---------- Input for this task

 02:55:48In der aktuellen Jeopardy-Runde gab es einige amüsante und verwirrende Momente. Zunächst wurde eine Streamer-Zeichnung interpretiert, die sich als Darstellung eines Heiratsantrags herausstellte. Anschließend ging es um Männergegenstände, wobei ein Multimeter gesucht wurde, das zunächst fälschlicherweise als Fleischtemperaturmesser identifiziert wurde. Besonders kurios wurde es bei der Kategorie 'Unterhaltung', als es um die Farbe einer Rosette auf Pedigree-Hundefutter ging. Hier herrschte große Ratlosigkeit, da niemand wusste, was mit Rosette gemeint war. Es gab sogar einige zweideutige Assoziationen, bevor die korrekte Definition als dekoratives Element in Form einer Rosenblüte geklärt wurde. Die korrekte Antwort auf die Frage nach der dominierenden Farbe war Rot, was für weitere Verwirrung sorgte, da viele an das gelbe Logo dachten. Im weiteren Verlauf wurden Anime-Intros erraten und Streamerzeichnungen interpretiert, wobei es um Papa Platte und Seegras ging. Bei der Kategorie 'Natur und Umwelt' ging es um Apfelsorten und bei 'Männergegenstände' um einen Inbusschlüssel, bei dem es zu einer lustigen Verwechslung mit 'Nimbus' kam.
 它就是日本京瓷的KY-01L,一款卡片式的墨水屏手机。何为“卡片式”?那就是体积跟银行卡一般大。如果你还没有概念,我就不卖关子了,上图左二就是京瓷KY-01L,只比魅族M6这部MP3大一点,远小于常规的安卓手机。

--------------------
---------- Input for this task

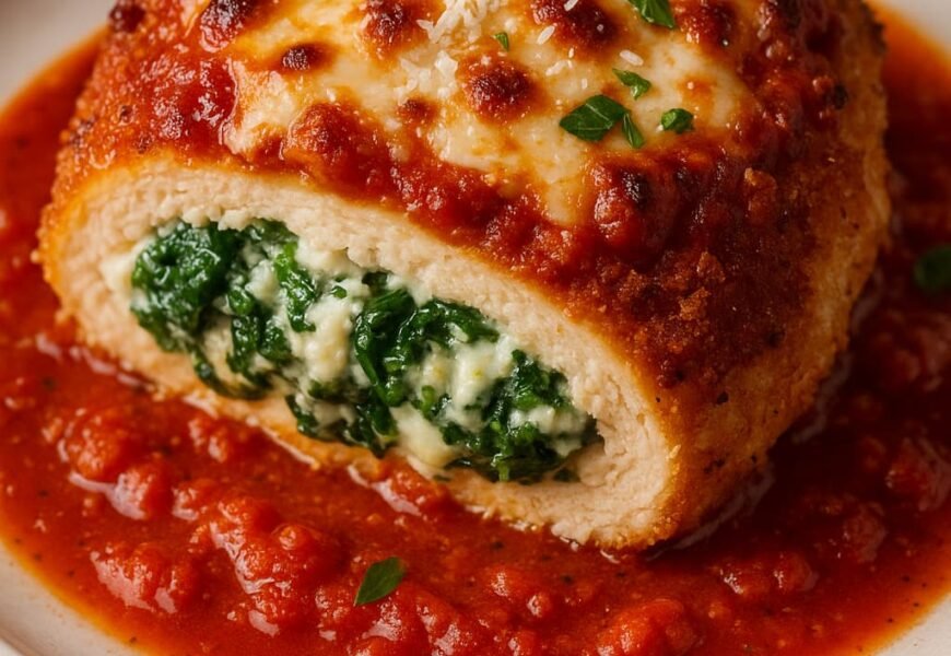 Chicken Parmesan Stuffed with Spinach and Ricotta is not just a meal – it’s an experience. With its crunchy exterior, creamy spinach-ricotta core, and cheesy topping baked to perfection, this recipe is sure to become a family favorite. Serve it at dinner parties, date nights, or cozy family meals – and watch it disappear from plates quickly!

--------------------

## What is required
Everything above from the line containing "02:55:48In der aktuellen" down to the line containing "它就是日本京瓷的KY-01L" is to be transcribed exactly, with both of those lines included and nothing else added.

## Reply
 02:55:48In der aktuellen Jeopardy-Runde gab es einige amüsante und verwirrende Momente. Zunächst wurde eine Streamer-Zeichnung interpretiert, die sich als Darstellung eines Heiratsantrags herausstellte. Anschließend ging es um Männergegenstände, wobei ein Multimeter gesucht wurde, das zunächst fälschlicherweise als Fleischtemperaturmesser identifiziert wurde. Besonders kurios wurde es bei der Kategorie 'Unterhaltung', als es um die Farbe einer Rosette auf Pedigree-Hundefutter ging. Hier herrschte große Ratlosigkeit, da niemand wusste, was mit Rosette gemeint war. Es gab sogar einige zweideutige Assoziationen, bevor die korrekte Definition als dekoratives Element in Form einer Rosenblüte geklärt wurde. Die korrekte Antwort auf die Frage nach der dominierenden Farbe war Rot, was für weitere Verwirrung sorgte, da viele an das gelbe Logo dachten. Im weiteren Verlauf wurden Anime-Intros erraten und Streamerzeichnungen interpretiert, wobei es um Papa Platte und Seegras ging. Bei der Kategorie 'Natur und Umwelt' ging es um Apfelsorten und bei 'Männergegenstände' um einen Inbusschlüssel, bei dem es zu einer lustigen Verwechslung mit 'Nimbus' kam.
 它就是日本京瓷的KY-01L,一款卡片式的墨水屏手机。何为“卡片式”?那就是体积跟银行卡一般大。如果你还没有概念,我就不卖关子了,上图左二就是京瓷KY-01L,只比魅族M6这部MP3大一点,远小于常规的安卓手机。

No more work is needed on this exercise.